Another resource I used to understand the concept of vectors in p5.js:

https://www.youtube.com/watch?v=bKEaK7WNLzM&pp=ygUUY29kaW5nIHRyYWluIHZlY3RvcnM%3D

(Also, some other videos in the playlist)

week4.assignment – Europe_McDonalds;

Concept

After our lecture, where we learned about how to visualize large amounts of data within p5, I remembered one popular image regarding the subject. This was the visualization of all McDonald’s locations in the USA. The map was nearly full of points representing the large amounts of fast-food chain restaurants, however, I realized that I had never seen a similar map for Europe. This inspired me to search for a file containing the locations of all McDonald’s restaurants in Europe, and consequently, visualize the data to see what the map of Europe will look like through McDonalds locations. I was able to find a .csv file with exactly what I was looking for published by a user on GitHub.

Implementation / Code

Since the project I am working on is very similar to the data visualization example we looked at in class, a lot of my code is very similar, including checking if the file loaded, checking if there are errors within the file, and so on. I also realized that it is unnecessary to run through the file again in order to plot the points onto the canvas. Or perhaps it might be… As I was trying to create the data visualization, I frequently used the example in the lecture notes as a template. However, even though the code seemed good, the mapping of the points did not resemble a map to me. The minimum and maximum Lat and Long coordinates were all correct and accurate after I checked them on Google Maps, however, the visualization itself did not resemble the map of Europe. This set me back, and I took a few hours off to come back later and think what might be causing this issue.
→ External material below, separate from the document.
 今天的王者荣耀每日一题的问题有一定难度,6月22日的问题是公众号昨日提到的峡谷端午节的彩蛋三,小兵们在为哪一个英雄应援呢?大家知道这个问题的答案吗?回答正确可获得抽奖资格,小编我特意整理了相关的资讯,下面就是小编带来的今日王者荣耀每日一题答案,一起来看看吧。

Something that was initially confusing to me, was determining the minmaxLatLong coordinates. The method of adding 10 and subtracting 10 from the variables “latitude” and “longitude” themselves seemed odd to me. I decided to try and instead use an extreme value for the initialization of the variables minLat, maxLat, minLong, and maxLong. To my surprise, this actually produced a visualization that seemed way more accurate, however, it was not scaled properly to the canvas. After playing around with the values, I was able to get a good scale on the canvas. I am yet to figure out why this worked out the way it did.
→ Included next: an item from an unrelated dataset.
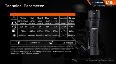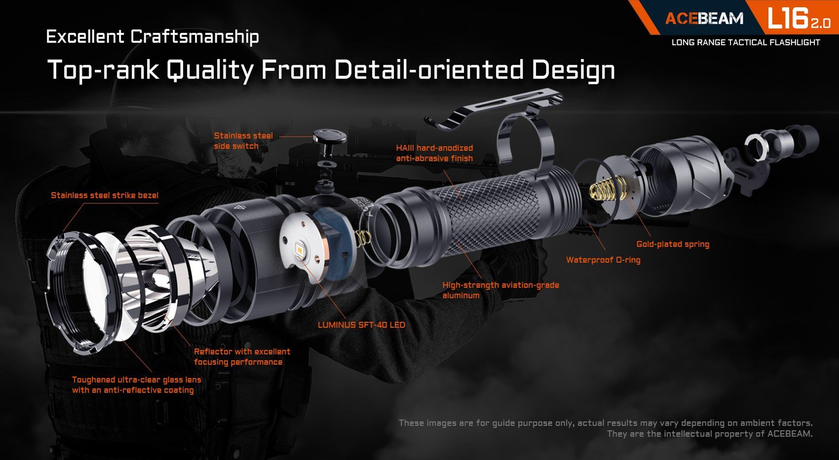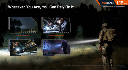 The Acebeam L16 2.0 is an upgraded version of the L16, designed as a long-range tactical flashlight aimed at providing professional users with enhanced performance and greater ease of use. Featuring an original Luminus SFT-40 LED, it delivers a maximum output of 2100 lumens and a beam distance of up to 670 meters, ensuring clear illumination of targets even in extreme conditions. The USB-C tail switch interface allows for quick scenario switching without the need to replace the tail cap, combining charging and tail switch functionality for easier operation. Additionally, the L16 2.0 supports simultaneous use and charging, greatly outperforming its predecessor L16.

function getMinMaxLatLong() {
  let singleRow = [];
  for (let mcdRowNumber = 0; mcdRowNumber < strings.length; mcdRowNumber++) {
    singleRow = split(strings[mcdRowNumber], ",");
    let latitude = float(singleRow[0]); // first is latitude
    let longitude = float(singleRow[1]); // second is longitude

    if (isNaN(longitude) || isNaN(latitude)) {
      // make sure they are numbers
      print("Conversion to float failed; Skipping row " + mcdRowNumber);
    } else {
      if (mcdRowNumber == 0) {
        // very interesting observation, by changing the initial values of min and max of the lat and long, the entire visualization shifts, why?
        minLat = -20;
        maxLat = 30;
        minLong = 20;
        maxLong = 70;
      }
      minLat = min(minLat, latitude);
      maxLat = max(maxLat, latitude);
      minLong = min(minLong, longitude);
      maxLong = max(maxLong, longitude);
    }
    let xpos = map(longitude, minLong, maxLong, 0, width);
    let ypos = map(latitude, minLat, maxLat, height, 0);
    stroke(3);
    point(xpos, ypos);
  } // end of for loop

  //inaccurate with the extreme values
  //print("Latitude (min, max) = (" + minLat + "," + maxLat + ") ");
  //print("Longitude (min, max) = (" + minLong + "," + maxLong + ")");

  print("Finished.");
} // end of findMinMaxLatLong

Final Product

Above is the final data visualization. The black points represent the McDonalds fast food restaurants in most of Europe.
Reflection
Even though the coding was mostly understandable, I am still questioning why the initial methods of determining the minimum and maximum Latitude and Longitude did not work out. I will be looking into this more thoroughly in the future, and I enjoyed working on this project.